Other considerations about sequential keys

If you are particularly concerned about exposing information, one consideration is that keys that have sequential properties, even just in the high bits, can expose the rate of growth of a table and the total size of it. This may be something you don’t want run the risk of leaking; a new social media network probably doesn’t want the outside world keeping close track of the size of the user table. Purely random keys avoid this, and may be a good choice if the key is exposed to the public in an API or URL. Limiting the number of high-order sequential bits can also mitigate this, and a (probably small) cost in locality for B-tree indexes.

There are 3 comments.

Tony Marston at 03:04, 17 February 2023:

When you mention “exposing information” are you implying that you expose primary key values in URLs? If so that is a big no-no which should be avoided at all costs.

CaptainKirkFan at 08:50, 22 February 2023:

You Allude to UUID7 and ULID::UUID being usable.
But don’t actually reference them.
I’ve recently tested this with others, and after a few million rows of data, the performance of regular UUIDs degrades so fast…
It is really not fair to suggest that ANY SIGNIFICANT part of the performance is the size. Most systems are smart enough to compare the High Order, and break if different (no need to compare the low order, unless you matched the high order).

And much larger (NUMERIC) keys can be used to prove they don’t suffer on INSERTS like UUIDs do after the first few million. Not even after the first Billion.

But, they are slower than BIGINTS. (About 50%).
The key thing is that time difference on a non-random key is constant.
There is also overhead for the randomness…

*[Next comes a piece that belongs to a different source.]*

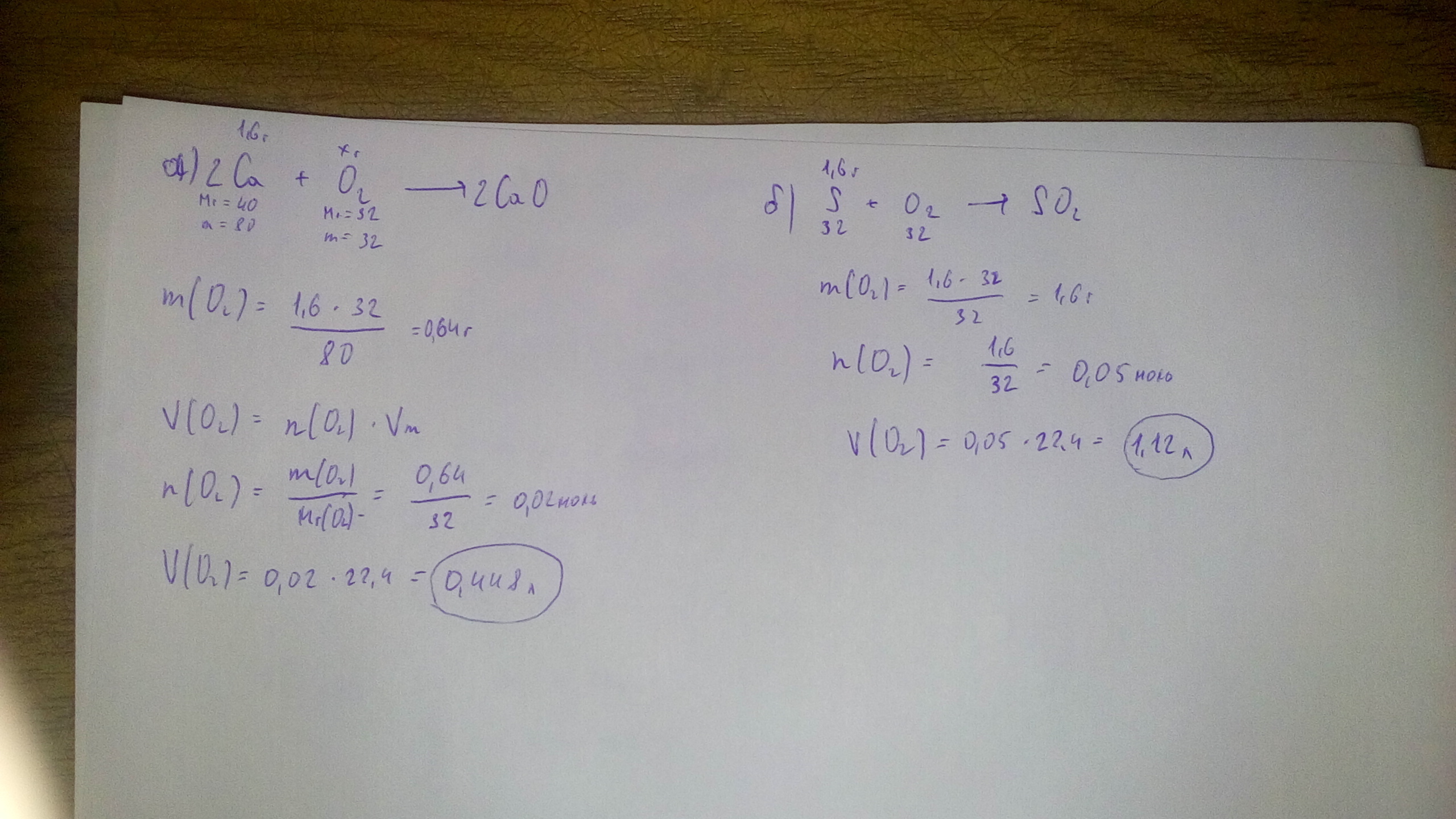 Напишите уравнения реакций горения: а)кальция б)серы. Расчитайте объём кислорода (л, н.у.), если масса сгоревшего вещества равна 1,6 г.

We create this function to give us a usec most significant portion, obviating the need for timestamp sorting. The other thing you give up with UUIDs is that you can’t meaningfully sort by the key.

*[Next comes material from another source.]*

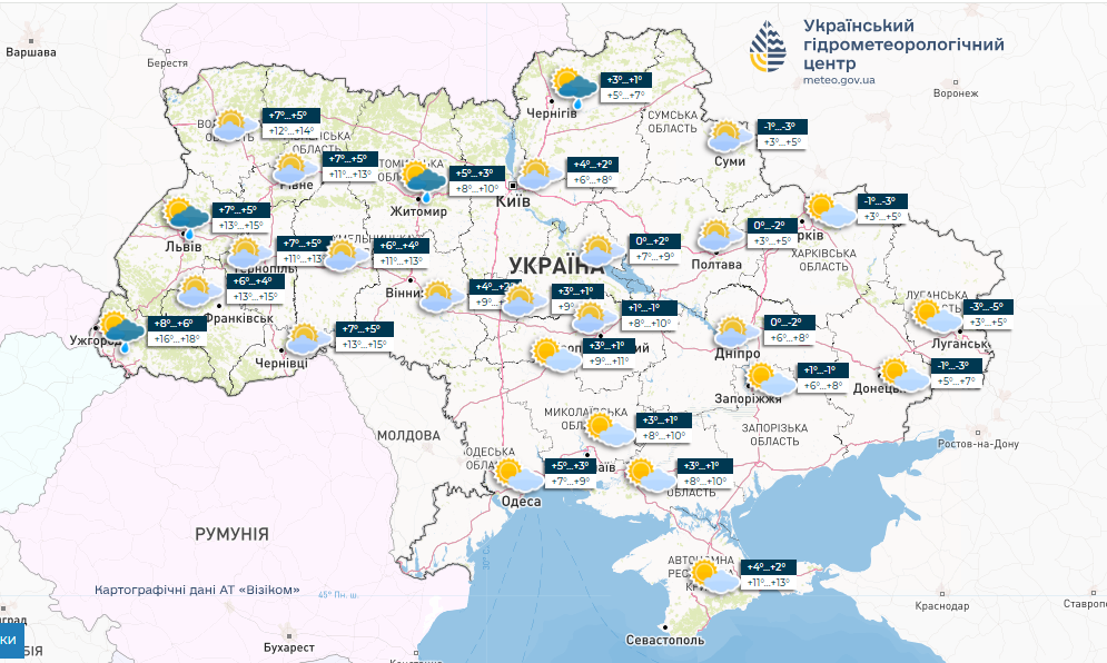 Температура повітря вдень у більшості областей +5 +10 градусів, на сході +1 +6, а на заході очікується до +16. Вночі стовпчики термометрів вночі покажуть від 0 до +5, у східних областях до -5, а у західних до +8.

CREATE OR REPLACE FUNCTION generate_ulid()
RETURNS uuid
LANGUAGE sql
RETURN ((lpad(to_hex((floor((EXTRACT(epoch FROM clock_timestamp()) * (1000000)::numeric)))::bigint), 14, ‘0’::text) || encode(gen_random_bytes(9), ‘hex’::text)))::uuid

Miffed at 01:36, 23 February 2023:

> This can be handy if keys are exposed in URLs or inside of web pages, for example. You can expose 66ee0ea6-dad8-4b0b-af1c-bdc55ccd45e to the world with a pretty high level of confidence you haven’t given an attacker useful information.

Tom, I don’t think he’s implying it, I think he’s stating it verbatim.

It is so infinitely infuriating when someone just says “don’t do that”.

Why shouldn’t I? What is the alternative? Care to elaborate?